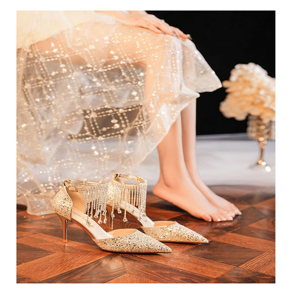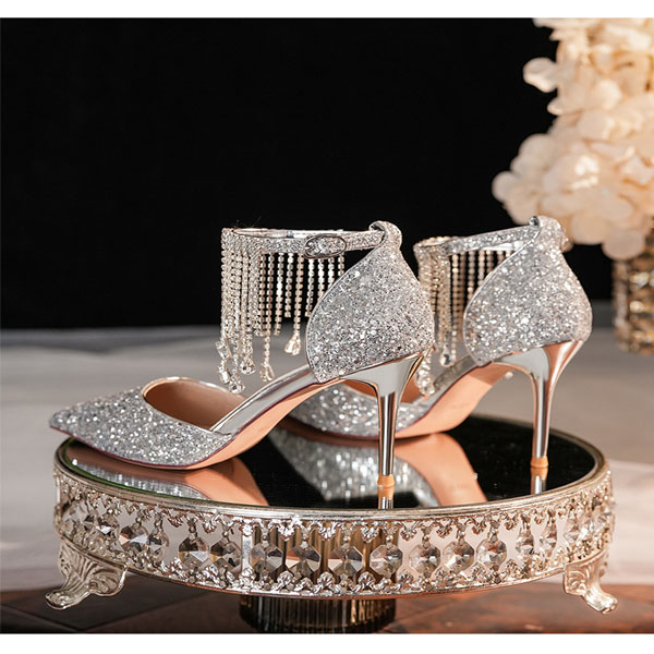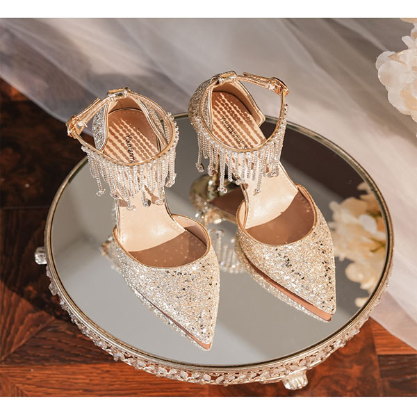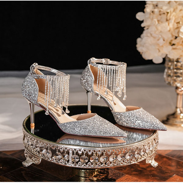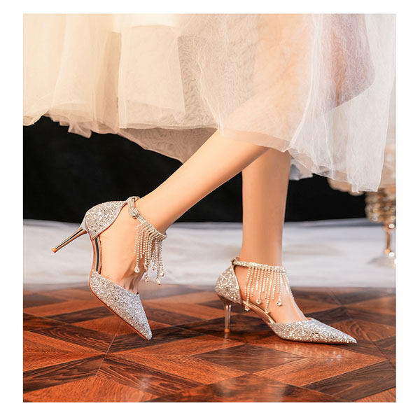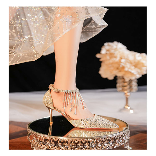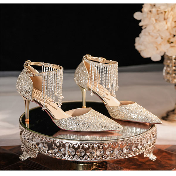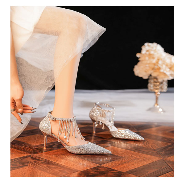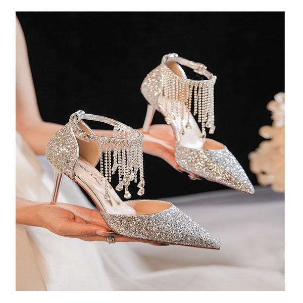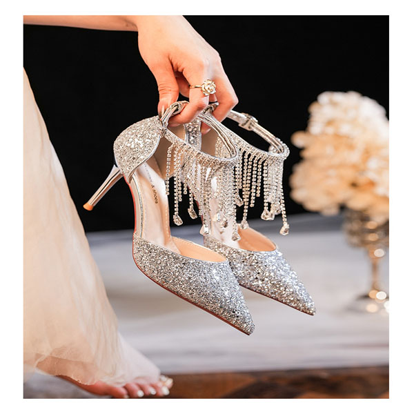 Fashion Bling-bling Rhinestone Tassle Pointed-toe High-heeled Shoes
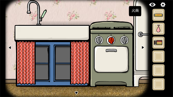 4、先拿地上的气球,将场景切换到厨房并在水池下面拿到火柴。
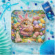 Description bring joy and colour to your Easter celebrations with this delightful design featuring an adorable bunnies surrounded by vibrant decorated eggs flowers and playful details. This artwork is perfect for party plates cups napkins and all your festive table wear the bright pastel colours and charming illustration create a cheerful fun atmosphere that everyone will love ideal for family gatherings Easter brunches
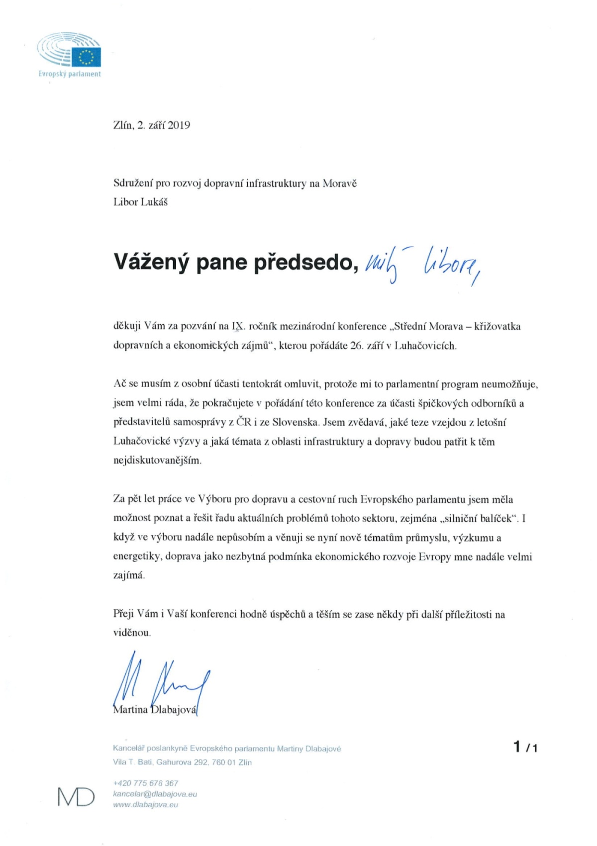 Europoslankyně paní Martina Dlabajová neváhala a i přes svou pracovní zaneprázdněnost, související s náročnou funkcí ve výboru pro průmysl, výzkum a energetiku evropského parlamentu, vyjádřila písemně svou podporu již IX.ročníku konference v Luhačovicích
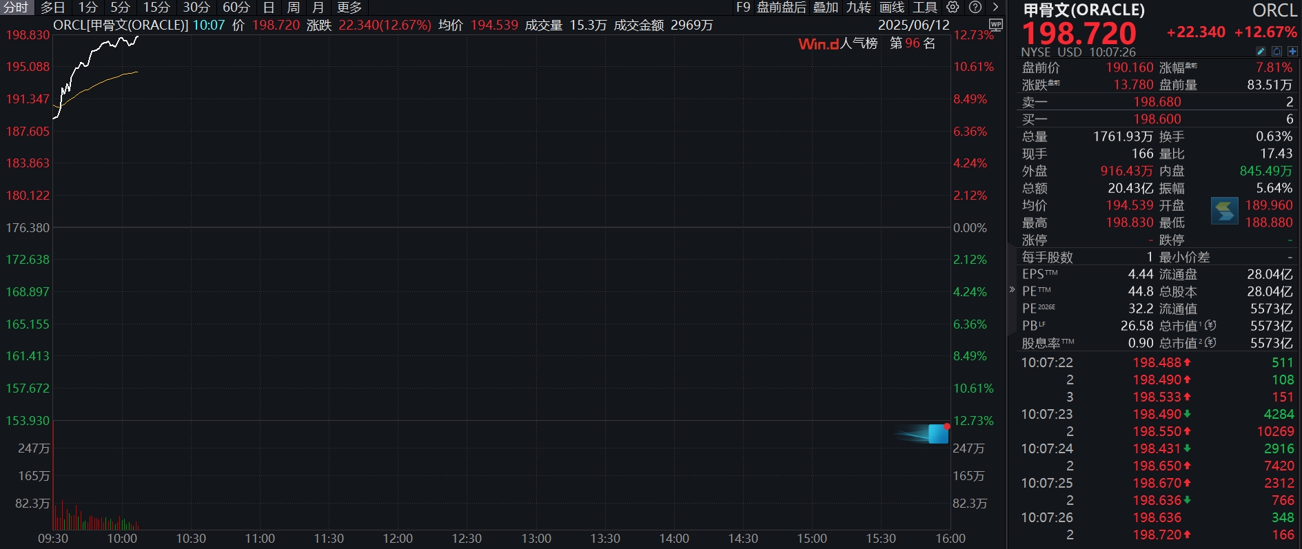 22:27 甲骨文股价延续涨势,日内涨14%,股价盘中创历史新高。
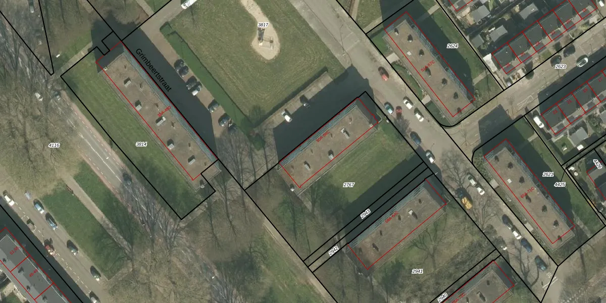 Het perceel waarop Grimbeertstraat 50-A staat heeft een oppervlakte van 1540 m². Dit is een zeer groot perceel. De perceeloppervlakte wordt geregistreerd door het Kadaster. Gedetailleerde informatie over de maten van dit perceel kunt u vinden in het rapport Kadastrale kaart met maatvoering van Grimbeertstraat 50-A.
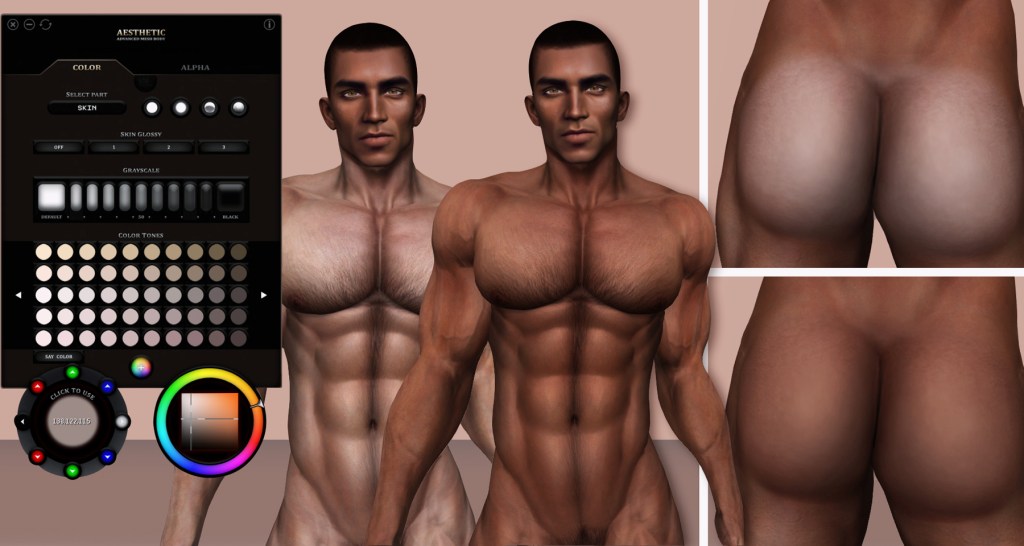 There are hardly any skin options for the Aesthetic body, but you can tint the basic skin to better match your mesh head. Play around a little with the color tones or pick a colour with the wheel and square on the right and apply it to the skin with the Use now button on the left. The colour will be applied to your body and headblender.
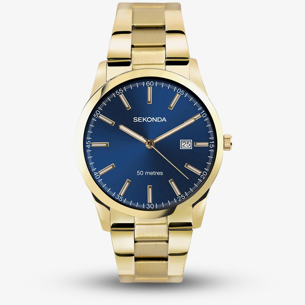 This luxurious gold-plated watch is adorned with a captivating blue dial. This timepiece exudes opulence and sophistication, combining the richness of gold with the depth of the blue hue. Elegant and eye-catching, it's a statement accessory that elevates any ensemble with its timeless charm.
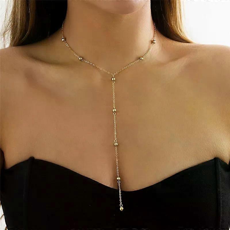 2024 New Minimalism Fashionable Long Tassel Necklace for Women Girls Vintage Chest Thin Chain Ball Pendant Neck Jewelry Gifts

____________

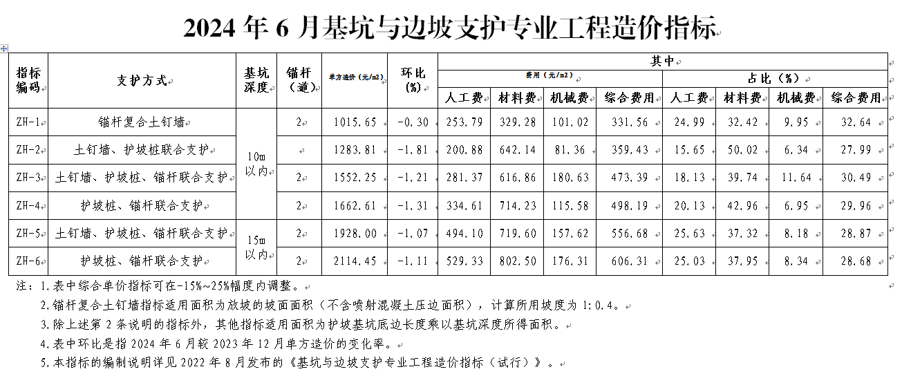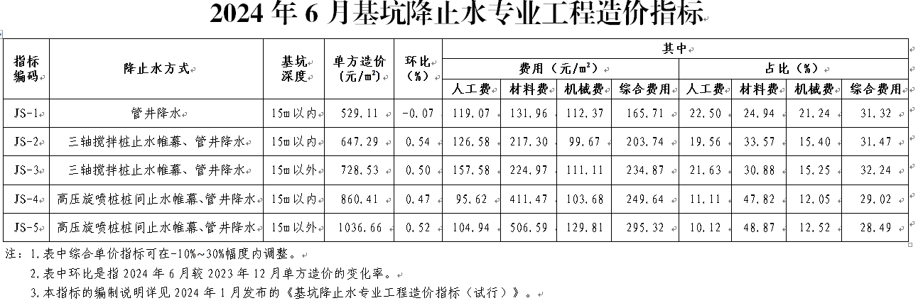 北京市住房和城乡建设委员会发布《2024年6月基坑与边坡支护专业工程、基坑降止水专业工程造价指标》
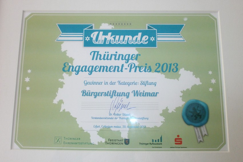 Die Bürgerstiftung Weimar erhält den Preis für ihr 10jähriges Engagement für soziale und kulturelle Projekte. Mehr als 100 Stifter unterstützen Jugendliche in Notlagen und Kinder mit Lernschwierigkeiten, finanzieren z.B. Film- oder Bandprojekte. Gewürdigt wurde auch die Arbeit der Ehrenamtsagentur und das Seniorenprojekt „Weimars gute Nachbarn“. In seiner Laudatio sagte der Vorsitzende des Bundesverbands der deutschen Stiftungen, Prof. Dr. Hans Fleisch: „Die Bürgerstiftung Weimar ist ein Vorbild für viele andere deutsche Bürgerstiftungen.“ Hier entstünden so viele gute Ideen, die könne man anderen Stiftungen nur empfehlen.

____________

### What this task involves
Repeat exactly the stretch of the listing above that starts with the line holding "Fashion Bling-bling Rhinestone" and finishes with the line holding "2024 New Minimalism", both included. Skip every picture.

### Answer box
 Fashion Bling-bling Rhinestone Tassle Pointed-toe High-heeled Shoes
 4、先拿地上的气球,将场景切换到厨房并在水池下面拿到火柴。
 Description bring joy and colour to your Easter celebrations with this delightful design featuring an adorable bunnies surrounded by vibrant decorated eggs flowers and playful details. This artwork is perfect for party plates cups napkins and all your festive table wear the bright pastel colours and charming illustration create a cheerful fun atmosphere that everyone will love ideal for family gatherings Easter brunches
 Europoslankyně paní Martina Dlabajová neváhala a i přes svou pracovní zaneprázdněnost, související s náročnou funkcí ve výboru pro průmysl, výzkum a energetiku evropského parlamentu, vyjádřila písemně svou podporu již IX.ročníku konference v Luhačovicích
 22:27 甲骨文股价延续涨势,日内涨14%,股价盘中创历史新高。
 Het perceel waarop Grimbeertstraat 50-A staat heeft een oppervlakte van 1540 m². Dit is een zeer groot perceel. De perceeloppervlakte wordt geregistreerd door het Kadaster. Gedetailleerde informatie over de maten van dit perceel kunt u vinden in het rapport Kadastrale kaart met maatvoering van Grimbeertstraat 50-A.
 There are hardly any skin options for the Aesthetic body, but you can tint the basic skin to better match your mesh head. Play around a little with the color tones or pick a colour with the wheel and square on the right and apply it to the skin with the Use now button on the left. The colour will be applied to your body and headblender.
 This luxurious gold-plated watch is adorned with a captivating blue dial. This timepiece exudes opulence and sophistication, combining the richness of gold with the depth of the blue hue. Elegant and eye-catching, it's a statement accessory that elevates any ensemble with its timeless charm.
 2024 New Minimalism Fashionable Long Tassel Necklace for Women Girls Vintage Chest Thin Chain Ball Pendant Neck Jewelry Gifts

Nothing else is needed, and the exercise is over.